The repealer bill, Senate Bill 17-94, Senate Draft 1, was offered by Senate Vice President Jude Hofschneider (R-Tinian), Sen. Juan Ayuyu (Ind-Rota), and Sen. Henry San Nicolas (Cov-Tinian).

House Floor Leader George Camacho (Ind-Saipan) also introduced a House repealer bill but an agreement between the House and Senate paved the way for the Senate bill to be passed and sent to the governor.

The new law says P.L. 17-51 “expands the liability risk for any person or entity dealing with the Fund to such an extent that service providers that were under contract prior to the enactment of Public Law No. 17-51 are terminating their agreements with the Fund.”

At the brief signing ceremony, Fitial said his administration will be working with the Legislature to come up with initiatives “that we believe will help strengthen the sustainability of the Retirement Fund.”
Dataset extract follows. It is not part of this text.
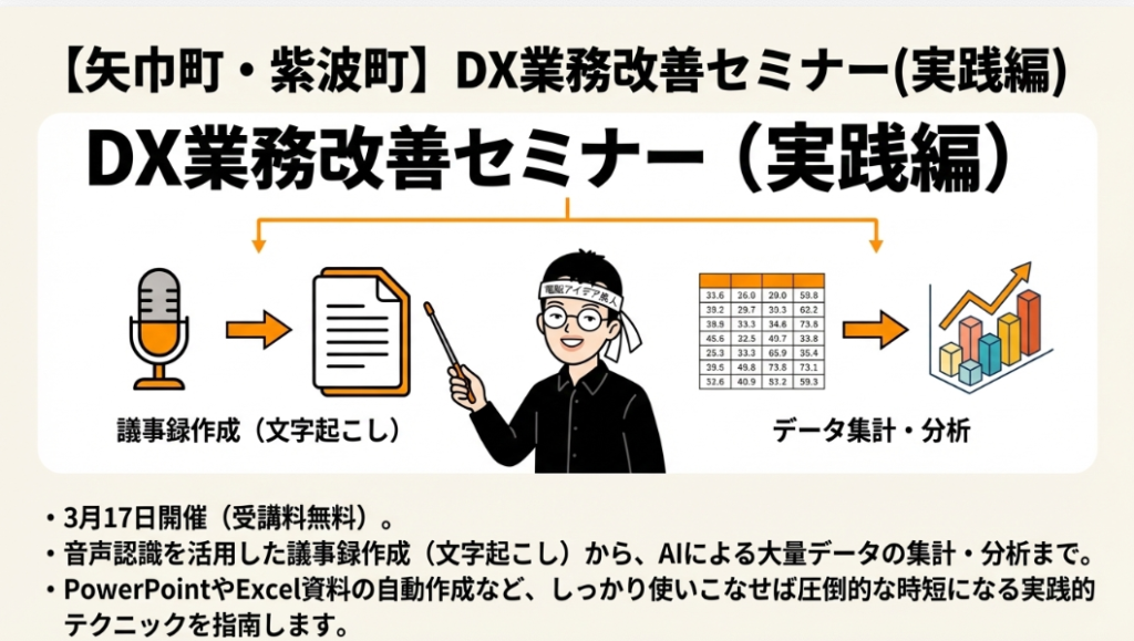 📈 DXセミナー デジタルトランスフォーメーション(DX)をテーマにしたセミナーのこと。「業務改善・売上編」と「IT活用編・生成AI活用編」の2つの切り口があり、従来のやり方と生成AIを使った新しいやり方を対比しながら、ビジネスにおけるデジタル化の推進方法を具体的に解説する内容となっている。

“This repealer, according to my understanding, will enable the existing Retirement Fund program to move forward without any problem. In other words, without this, I can see that there will problem with the Retirement Fund. With this repealer, [it will] remove the issue of uncertainties with money managers and consultants that we need to help the Fund move forward. This will place the Retirement Fund in its proper perspective and the right path moving forward,” the governor said.

After the signing, Fitial joined the House and Senate in their closed-door joint leadership meeting in the House chamber.

Since the Fund’s investment consultant terminated its contract with the pension agency last year, the board has been liquidating the Fund’s assets and putting the cash under the certificate of deposit account registry service, or CDARS program.

Igisomar said the money in this program only earns between 0.02 percent and 0.04 percent, much less than what the money could have earned had it been invested elsewhere. He said the lost opportunity may have cost the Fund millions of dollars, but the Fund has yet to determine the exact amount.

As of Dec. 27, 2011, some $90 million of the agency’s $256.7 million assets has already been transferred to the CDARS program. The board’s goal is to put all of its funds in the program until a new investment consultant is hired.